* What is being asked *
Every line from the one holding "备注:至少3块盘 只允许坏一块盘 读写性能好 坏掉一块盘读性能变慢" through the one holding "耳元の金具部分は、透明のガラスに独自に柄を付けています。" in the data below must be returned exactly, both ends included, with pictures left out and nothing else added.

* Data supplied *
::::::::::

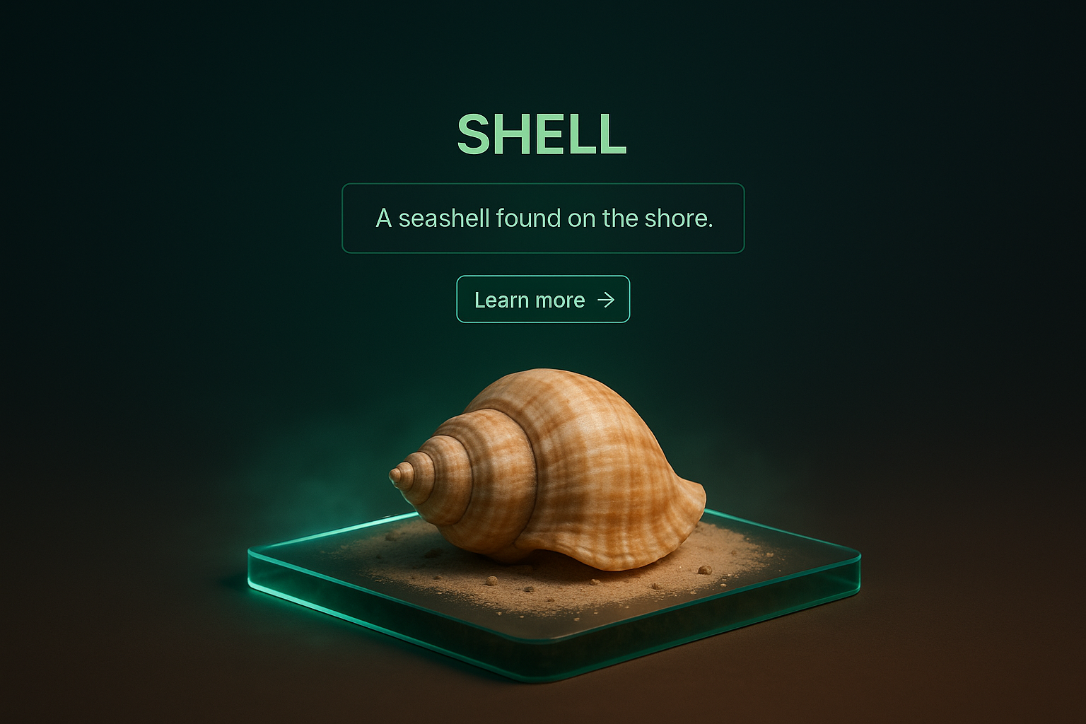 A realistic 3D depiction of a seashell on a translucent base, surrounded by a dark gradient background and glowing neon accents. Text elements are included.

::::::::::

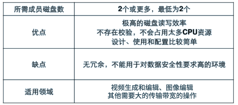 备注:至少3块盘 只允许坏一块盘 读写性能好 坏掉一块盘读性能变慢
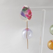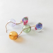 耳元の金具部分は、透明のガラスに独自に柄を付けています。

::::::::::

* Solution *
 备注:至少3块盘 只允许坏一块盘 读写性能好 坏掉一块盘读性能变慢
 耳元の金具部分は、透明のガラスに独自に柄を付けています。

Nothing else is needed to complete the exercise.